Evaluation of treatment options for atrophic mandible under trauma forces: a 3D finite element analysis treatment options for atrophic mandible under trauma forces.

OBJECTIVE

This study aimed to assess the stress distributions at different treatment options in edentulous and severely atrophic mandibula under trauma forces.

MATERIAL AND METHOD

In this study, four different treatment methods were applied to a severely atrophic edentulous mandibular model. In Model 1, inferior alveolar nerve lateralization was performed, followed by the placement of six implants. Model 2 utilized the all-on-four approach with implants placed. Model 3 used subperiosteal implants made of PEEK, while Model 4 used titanium subperiosteal implants. Each subperiosteal implant model included 14 osteosynthesis screws positioned in key areas of the mandible. 2000 Newton trauma force was applied anterior side of the mandibula.
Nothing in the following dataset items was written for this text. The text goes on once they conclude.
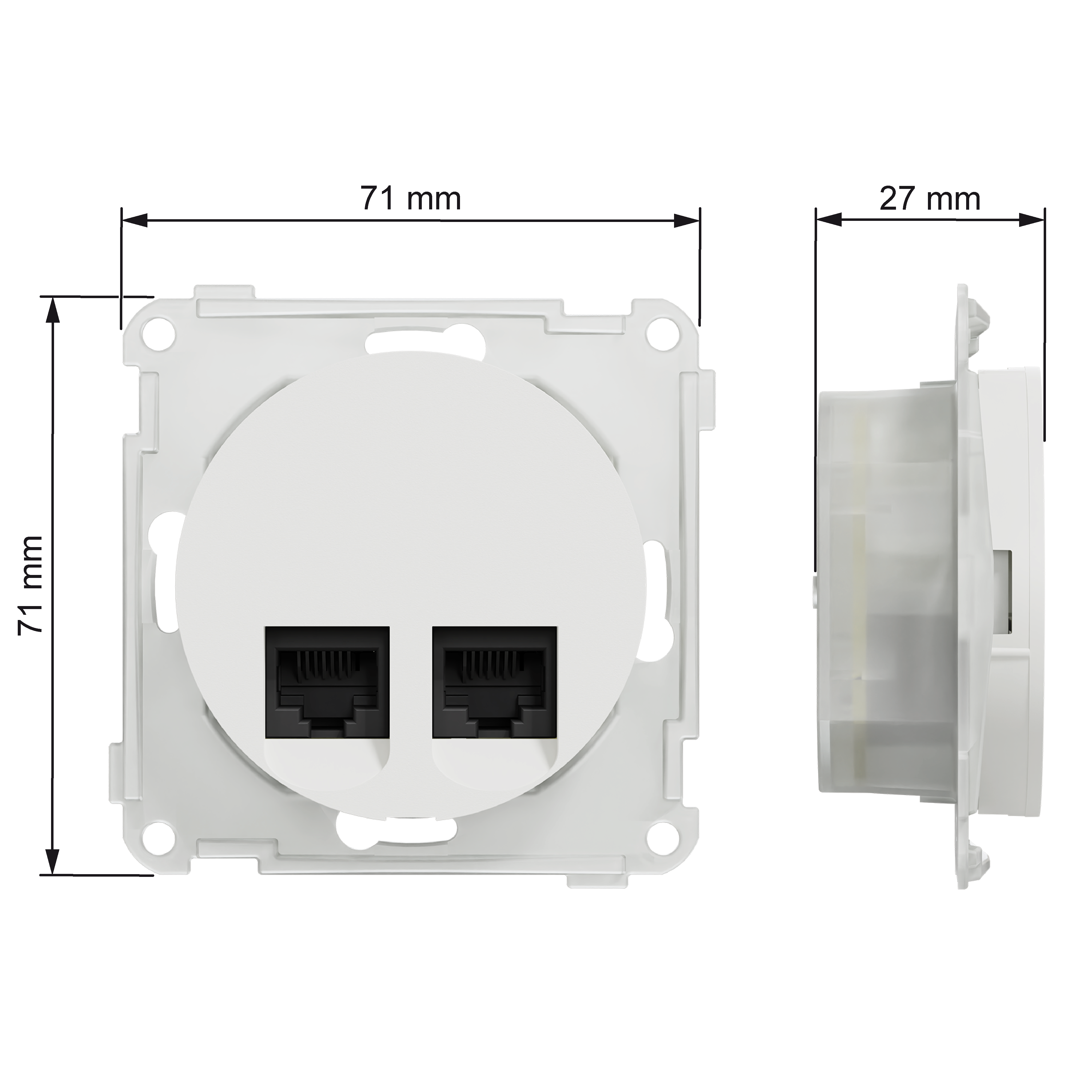 ELKO One modulæruttak 2x8 kat 6 UTP for LSA terminering. Modulæruttak i ELKO One design med to uttak i kat. 6 UTP utførelse. De er enkle å installere og passer fint inn i en bolig eller i et kontormiljø. Tilkobling med LSA terminering med fargekode for T568A/B kobling. Monteres i 1- til 5-hulls ramme, innfelt eller i høy påveggskappe eller hjørnekappe. Mål på produktet er (B) 71 mm x (H) 71 mm x (D) 27 mm. Produktet er laget av resirkulert polykarbonat (PC) og fargen er renhvit (RAL 9003) med en matt overflate. IP grad er IP20. ELKO One-serien har et minimalistisk og slankt design med silkematt overflate. Serien dekker installasjonsmateriell, frittstående elektronikk og nettverksfunksjoner for både innfelt og påveggsmontering. Serien er også utviklet med bruk av resirkulert plast (alle estetiske deler, hvorav 40 % på renhvit og 95 % på sort), samt resirkulert emballasje.
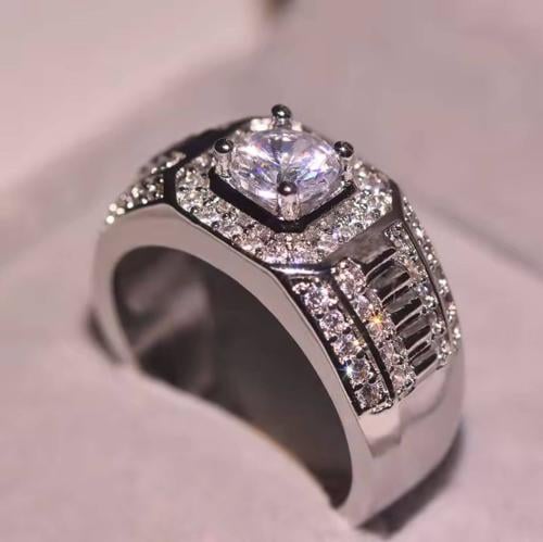 خاتم رجالي استثنائي يجمع بين الفخامة والرقي، مصنوع بدقة عالية من الفضة الخالصة 925 ومرصع بألماس فاخر يمنحك حضورًا مميزًا وبريقًا لا يقاوم.
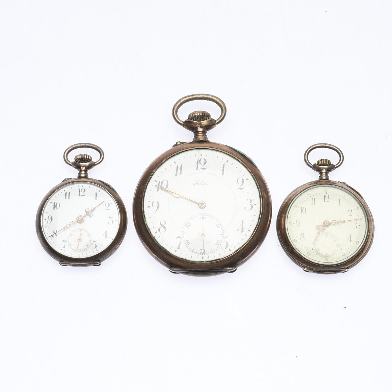 Diameter approx. 33-52 mm. Total weight of the watch approx. 158.5 g. Chains in white metal, brass and silver.
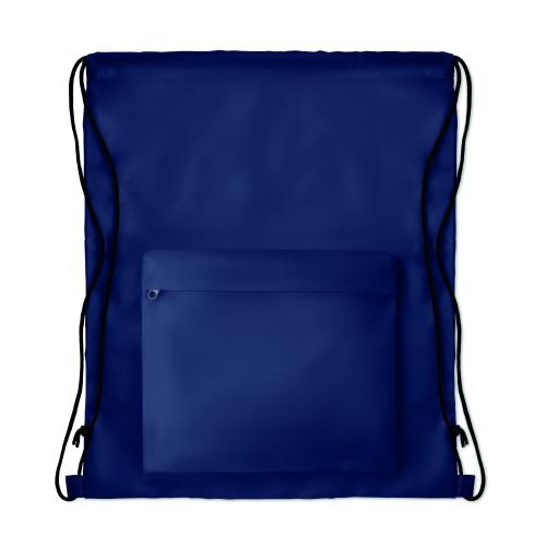 Large drawstring bag in 210D polyester with zippered front pocket. Sublimation print available on white item only.
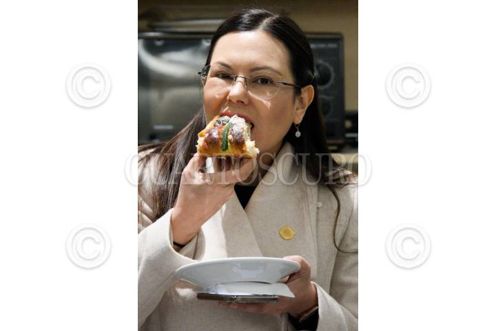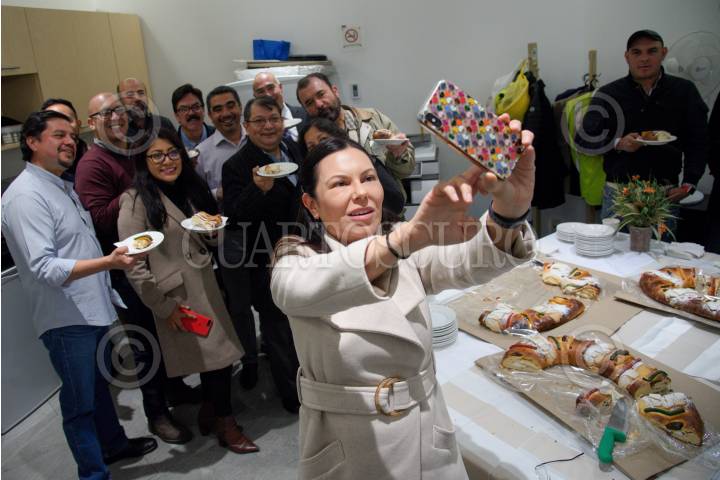 Laura Angélica Rojas, diputada del PAN y presidenta de la mesa directiva, partió la tradicional Rosca de Reyes.
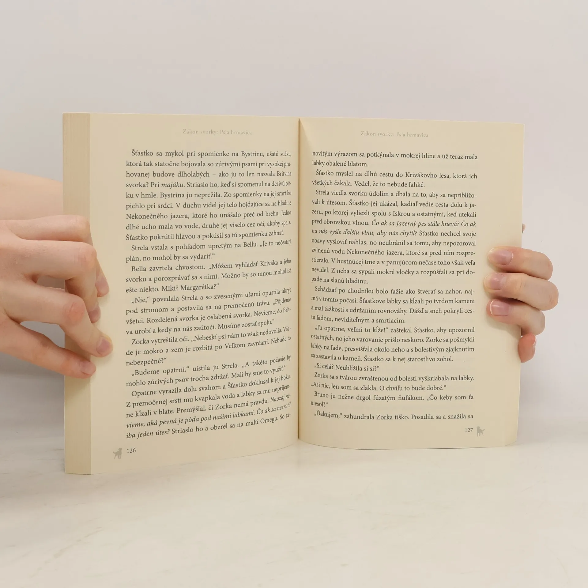 Divá svorka získala nového vodcu a psi možno konečne nájdu vytúžený domov, kde by mohli žiť v pokoji. Zimné dni sa však skracujú a svorka sa musí mať na pozore pred Britvou a jej zúrivými psami, ktorí sa nezastavia, kým nezničia Šťastkových priateľov. Ten vie, že Strela bude múdra a nebojácna Alfa, no v snoch ho mátajú vidiny desivej budúcnosti. Bojí sa dňa, keď budú musieť všetci psi navzájom bojovať na život a na smrť. Psia hrmavica sa blíži…
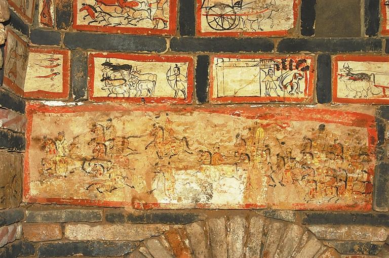 除以上(shang)幾個(ge)主要區域外,在(zai)武威、金昌(chang)、玉(yu)門(men)等地也(ye)零星發現有魏(wei)晉(jin)十(shi)六國(guo)時期(qi)的彩(cai)繪(hui)壁畫磚墓。如果(guo)將墓葬和彩(cai)色圖像相連接,這(zhe)就是一(yi)條(tiao)鋪設(she)在(zai)河(he)西大地上(shang)惹人注目、色彩(cai)斑斕、故事不斷(duan)的長卷連環畫。
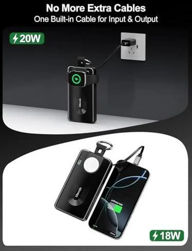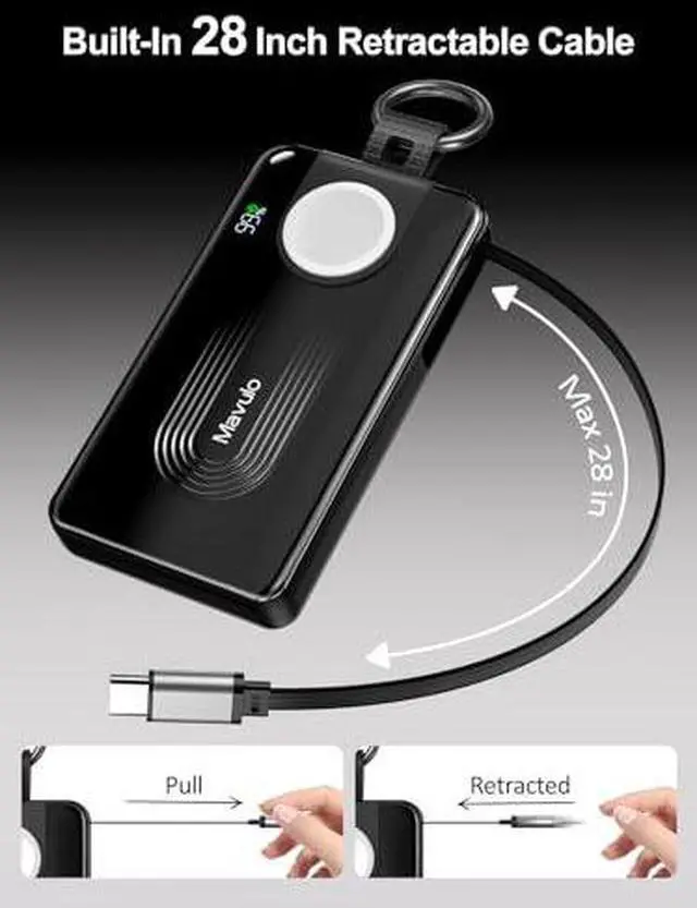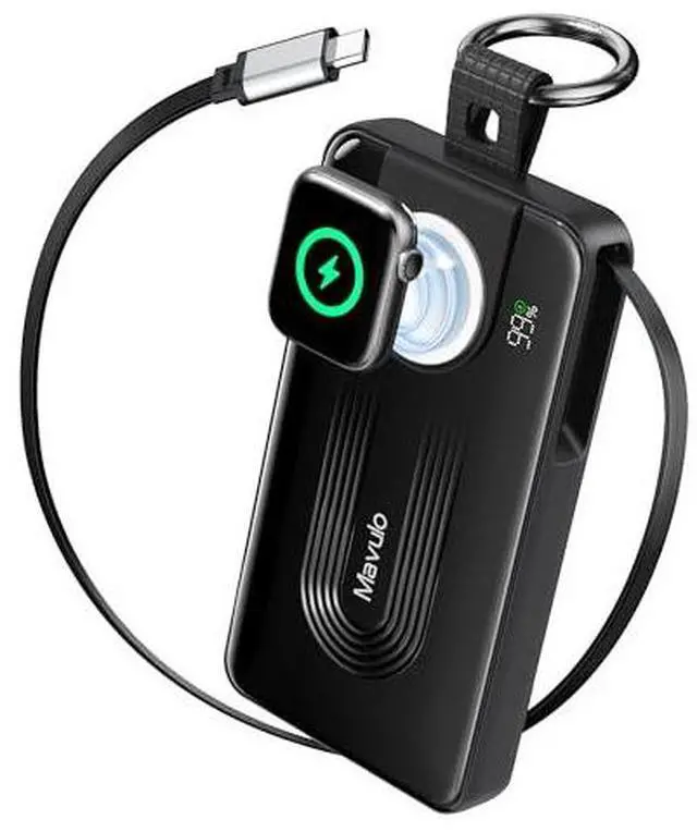 • One Device to Charge It AllThe Mavulo portable charger has a built-in magnetic wireless charger for the Apple Watch Series and a retractable Type-C cable, allowing you to charge your phone and watch simultaneously
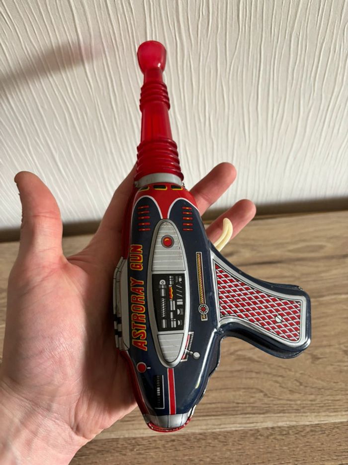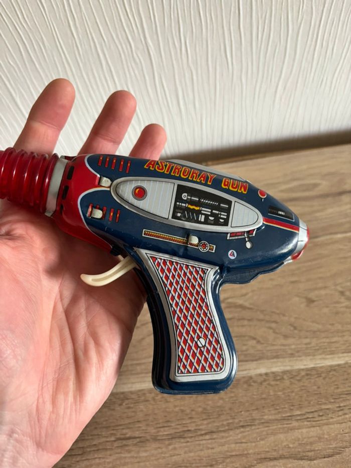 metal toy ancien vintage jouet en tôle de astroray gun , pistolet à étincelles et bruit , mtu korea
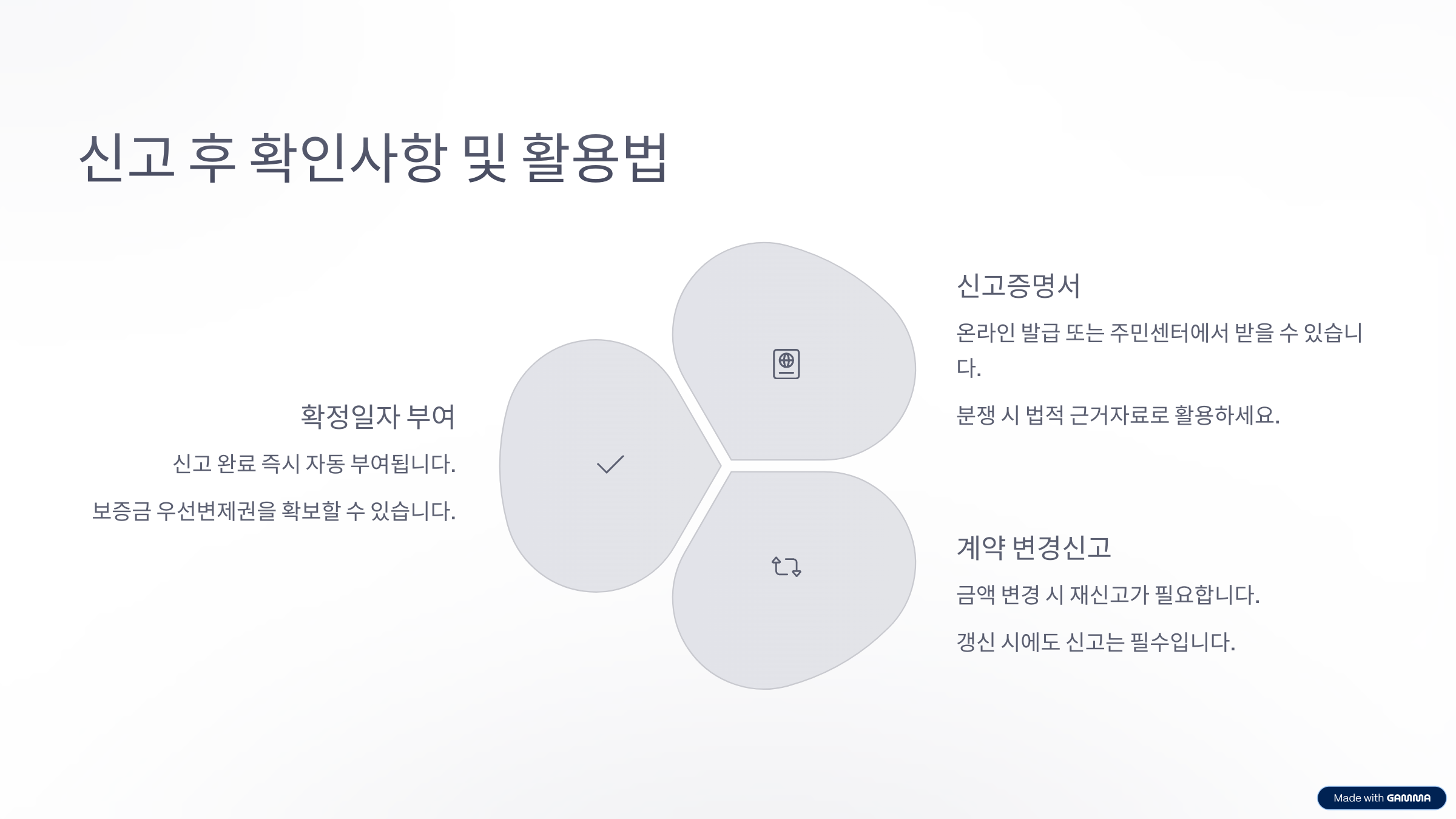 전월세 신고제를 통해 좋은 점도 많습니다. 대표적인 게 확정일자 자동 부여예요. 예전엔 별도로 등기소나 동사무소를 방문해 확정일자를 받아야 했지만, 이제는 신고만 하면 자동으로 부여돼요. 즉, 번거로운 절차 하나가 줄어들고, 보증금 보호도 훨씬 쉬워진 셈이죠.

The maximum principal stress (Pmax), minimum principal stress (Pmin), and Von Mises (VMs) stress values are measured as MPa.

RESULTS

In this study, Model 4 showed the highest Pmax in the symphysis region, while the other models had similar values. The mandibular condyle exhibited the highest Pmax in Model 1 and the lowest in Model 2. The Pmin values were comparable across all models in the symphysis region. Regarding VMs stress values, balanced stress was observed in the metal frameworks of all models. Model 3 had the most balanced and lowest VMs stress in abutments and abutment screws, while Model 4 had the highest.

CONCLUSION

This FEA study found that both the all-on-4 and PEEK subperiosteal implants are more resistant under trauma forces compared to titanium subperiosteal implants and the 6-implant IANL approach. The PEEK subperiosteal implant offers a less invasive treatment option for fractured mandibles.